Un héritage en question

Co-fondateur du Mouvement Fédératif Romand, né de l’opposition à la loi Covid, Daniel Rousseau va encore plus loin. Pour lui, cette façon d’agiter la carotte et le bâton est un héritage clair de la gestion de la pandémie: «La recette est assez simple: il faut agiter le drapeau de la peur sur nos libertés en décrivant le pire. Dans un second temps, on annonce au peuple que c’est moins pire que prévu pour le convaincre qu’il doit accepter aujourd’hui ce qu’il aurait refusé hier. Ce concept s’appelle ʻla soumission librement consentieʼ et il est largement utilisé dans la vente.» Une illusion démocratique qui le conduit à la question suivante: «La manipulation psychologique pour le bien commun est-elle justifiée?»

«Ces conseils me font rire dans la mesure où les plus généraux invitent à faire ce que les vieux de mon genre font.»

Suzette Sandoz, ancienne Conseillère nationale libérale

Président du groupe Ensemble à Gauche au Conseil communal de Lausanne, Johann Dupuis tempère: certes, l’approche a été utilisée pour le Covid, mais non, elle n’a pas été inventée pour lui.
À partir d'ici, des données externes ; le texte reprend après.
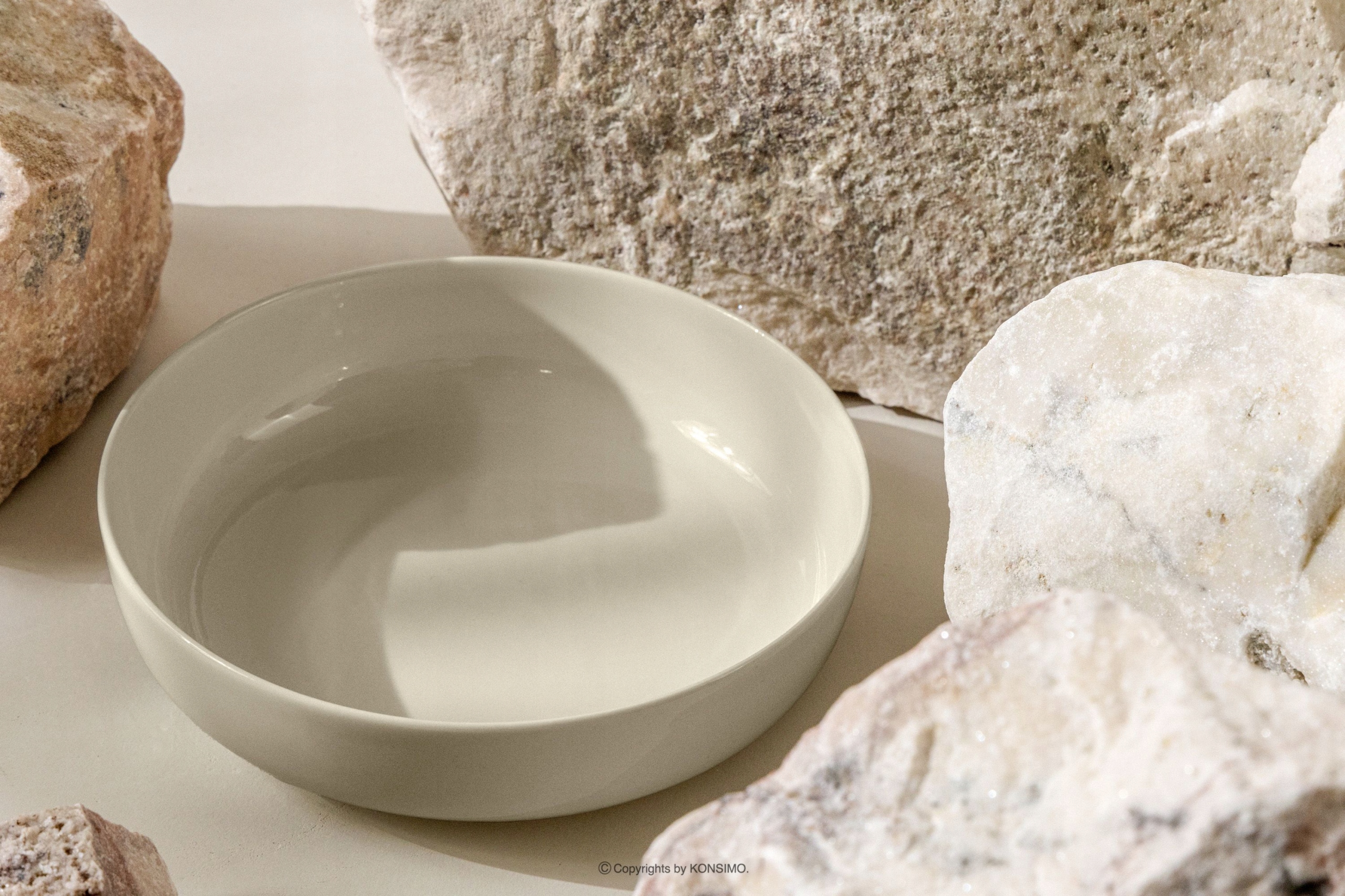 Ви шукаєте ідеальний обідній набір, який додати унікальний стиль вашій їдальні? Бежевий глянцевий столовий сервіз від Konsimo - це відповідь на ваші потреби. Виготовлений з високоякісної кераміки, він поєднує в собі довговічність і позачасовий дизайн, який ідеально вписується в сучасний інтер’єр і традиційне оформлення обіду. Елегантний блиск і мінімалістичні круглі форми тарілок роблять цей обідній набір захватом кожного гостя за столом.

Il s’agirait en réalité d’un héritage néolibéral de l’ère Thatcher-Reagan, dans les années 80: «L’état ne doit plus réglementer ni même réguler, mais informer, conseiller voire tout au plus inciter à». Une posture qui le pousse à invoquer la possibilité d’interdictions uniquement en cas de crise grave, ou «comme une espèce d’épée de Damoclès qui interviendrait seulement pour venir trancher une main invisible éventuellement égarée».
Un nouveau mode de «management» des peuples qui, quelle que soit son origine, laisse ouverte une question fondamentale: combien de temps un peuple unifié par le désir de liberté acceptera-t-il de se laisser mener avec une carotte et un bâton, à la manière des ânes?